DOUGLAS D. DODD, UNITED STATES BANKRUPTCY JUDGE

*310Defendant Trinity Industries, Inc. ("Trinity") is a successor to Gretna Machine & Iron Works ("Gretna"). Plaintiff Forrest Lewis, Jr. alleges that during his employment at Gretna between 1975 and 1976 he was exposed to asbestos, which led to his developing mesothelioma. Gretna and thirty-three related debtors filed chapter 11 petitions in the Southern District of Mississippi (collectively, the "FGH reorganization")1 in 2001. Their chapter 11 plans were confirmed in May 2003 and the reorganization was closed in May 2013.2

Fifteen years later Mr. Lewis filed suit against numerous defendants in the Nineteenth Judicial District of Louisiana alleging state law causes of action including failure to warn, loss of consortium, mental anguish and other tort-based theories of recovery.3 His original petition did not name Trinity a defendant but he joined it in a December 2018 amended petition. Trinity timely removed Lewis's suit to this court in accordance with 28 U.S.C. § 1452(a) and Fed. R. Bankr. P. 9027. Trinity at the same time moved the bankruptcy court for the Southern District of Mississippi to reopen the FGH reorganization, intending to seek the transfer of Mr. Lewis's lawsuit there from this district for a determination that the FGH confirmation order's discharge injunction bars Mr. Lewis's suit. The Mississippi bankruptcy court denied Trinity's motion to reopen on May 2, 2019,4 a ruling Trinity has appealed.5

Mr. Lewis moves to remand his lawsuit to the Nineteenth Judicial District Court. He contends that his state law claims cannot be tried in bankruptcy court and should not be in federal court in any case.
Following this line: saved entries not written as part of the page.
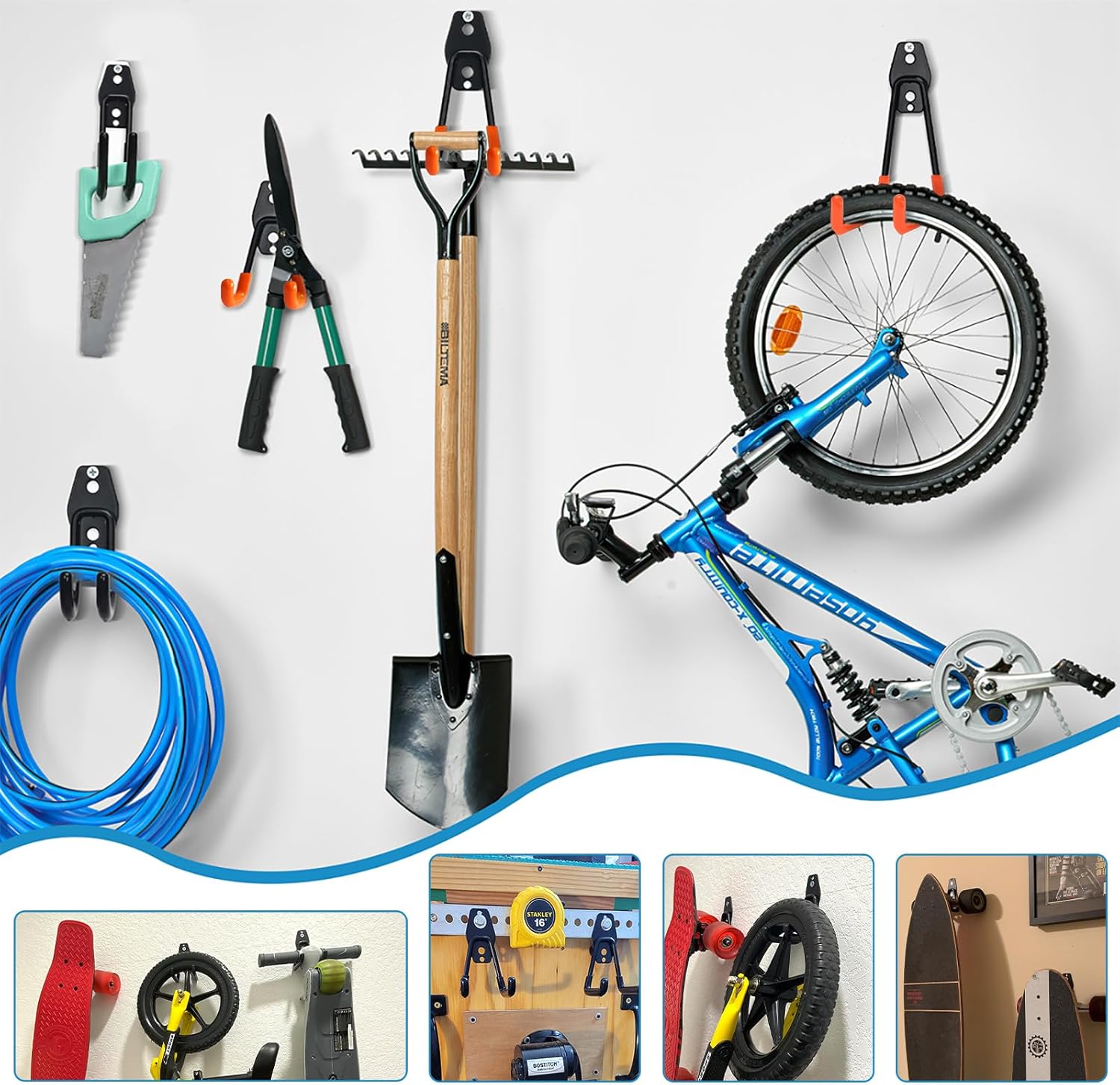• 【VARIOUS FUNCTIONS】Large Hook is a flexible wall mounting solution for bikes, cables,hoses, spade, broom, wrench, stroller, skates, gym bags, shovel, rakes, kayak, sports equipment, sawhorses, and electrical cords,gym bars, Body Training and core strength builders and other items.
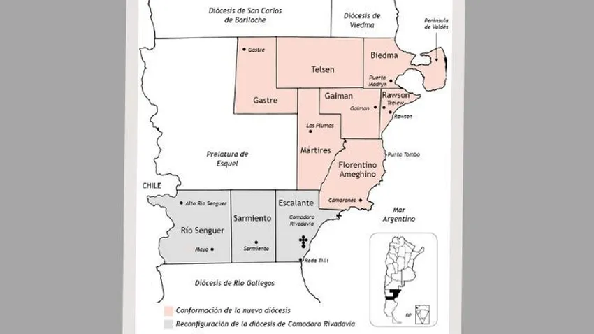 Por otra parte, la reconfigurada jurisdicción eclesiástica de Comodoro Rivadavia, se conformará con los departamentos de Escalante (14.015 km2), Sarmiento (14.563 km2) y Río Senguer (22.335 km2).
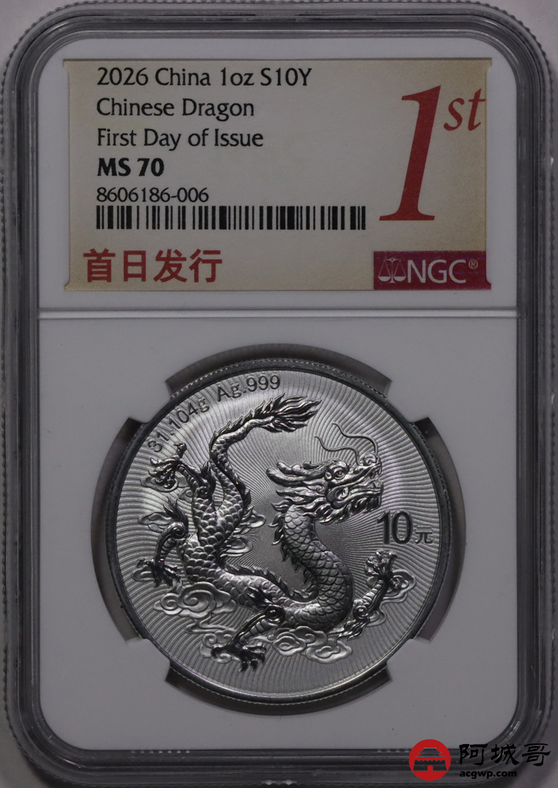 Lot:30 2026年中国龙银币 NGC MS70首日标倒置号
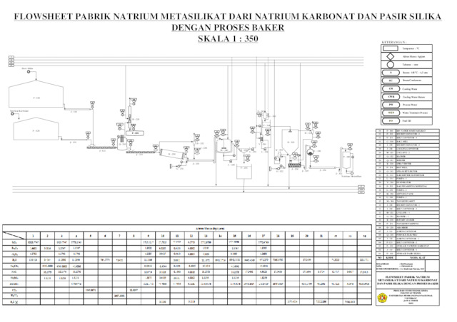 A sodium metasilicate plant, utilizing a baker process with an annual capacity of 40,000 tons, is to be constructed in the JIIPE Manyar region of Gresik, East Java. The plant operates continuously, 24 hours a day, 330 days a year, using silica sand and sodium carbonate as raw materials. Sodium metasilicate has a variety of applications, including as a metal adhesive, in pulp and paper production, as a detergent ingredient, and as an ingredient in other chemical industries. The sodium metasilicate plant process entails the reaction of silica sand and sodium carbonate in an electric furnace at a temperature of 1400°C. Following this, the mixture is cooled in a rotary cooler to a temperature of 150°C and dissolved in a solvent tank. Subsequently, impurities are removed in the settling tank. The solution was concentrated on the evaporator to achieve a concentration level of 70%. The solution was then conveyed to the spray dryer, which was heated to 375°C using hot air from the burner. The solution is contacted in the opposite direction, where hot air is introduced from below (in a countercurrent flow) to facilitate the formation of sodium metasilicate granules (powder). The sodium metasilicate powder, which emerges from the spray dryer at a temperature of 120°C, is conveyed to the cooling system to reduce the temperature to 30°C. The product is then cooled to 30°C. It is stored in a sodium metasilicate.

The court permissively abstains from hearing the case pursuant to 28 U.S.C. § 1334(c)(1) and remands the case to the Nineteenth Judicial District Court.

FACTS and PROCEDURAL HISTORY

Trinity bought all the outstanding shares of Gretna Machine & Iron Works, Inc. (a Delaware corporation) in 1981 and formally merged Gretna into itself in 1983.6 Trinity then underwent corporate restructuring, transitioning from the Texas corporation that originally bought Gretna into a Delaware corporation.7 Trinity spun off Gretna into a newly formed Louisiana corporation in 1988 but retained Gretna's stock until 1996, when it transferred the stock and assets of Gretna to another spun-off entity, Halter Marine Group, Inc.8

Trinity claims that any responsibility it may have had for Gretna's debts ended there: "Pursuant to the Bill of Sale, Assignment and Assumption Agreement, all past and future liabilities arising out of any *311operations ever conducted by any entity at the Gretna Machine & Iron Works shipyard located in Harvey, Louisiana, including all liabilities for alleged asbestos exposure, were assumed by Halter Marine, Inc., a Nevada corporation, a wholly owned subsidiary of Halter Marine Group, Inc."9

The December 30, 2003 order confirming the FGH chapter 11 plan10 included a discharge injunction that applies not only to the FGH debtors, but also their "successors, or their assets or properties...based on any act or omission, transaction or other activity of any kind or nature that occurred prior to the Confirmation Date."11 Trinity contends that it is entitled to the protection of that discharge.

ANALYSIS

Trinity's action is a "core" proceeding within the meaning of 28 U.S.C. § 157.

The first key dispute is whether this matter is core or non-core. Trinity argues that the proceeding is core and that this court has subject matter jurisdiction to retain the case. Mr. Lewis argues it is non-core and urges the court to abstain from hearing the matter under 28 U.S.C. § 1334 and remand it to state court, the plaintiff's chosen forum.

Each party frames the issue differently, with Trinity arguing that its bankruptcy defense "arises under" bankruptcy law. Trinity relies on the United States Supreme Court's decision in Travelers Indem. Co. v. Bailey12 to support its contention that the bankruptcy court has subject matter jurisdiction to interpret and enforce its own confirmation order. Conversely, Mr. Lewis relies on the 2013 closing of the FGH reorganization to argue that there is no "related to" jurisdiction and the case should be remanded for lack of subject matter jurisdiction.

Bankruptcy courts plainly have subject matter jurisdiction to interpret and enforce their own orders.13 The bankruptcy court for the Southern District of Texas recently faced a similar issue in In re ABC Dentistry, P.A. 14 There a qui tam plaintiff and his counsel disputed the apportionment of a bankruptcy court's attorney fee award. The court noted the significance the relief sought bears to a court's determining whether a given matter is core: "If the dispute between the parties consists of resolving the contract between [competing non-debtor claimants], Rohifard's view is correct and the Court lacks jurisdiction to adjudicate the dispute. Conversely, if the dispute is based on the Court's enforcement of the November 7, 2017 Order [dividing settlement proceeds], the Court has continuing jurisdiction to interpret and enforce its own orders."15 The court concluded that "arising in or under" jurisdiction existed because the issue turned on interpretation of the bankruptcy court's order.16

The state court has concurrent jurisdiction to interpret the FGH plan and confirmation order.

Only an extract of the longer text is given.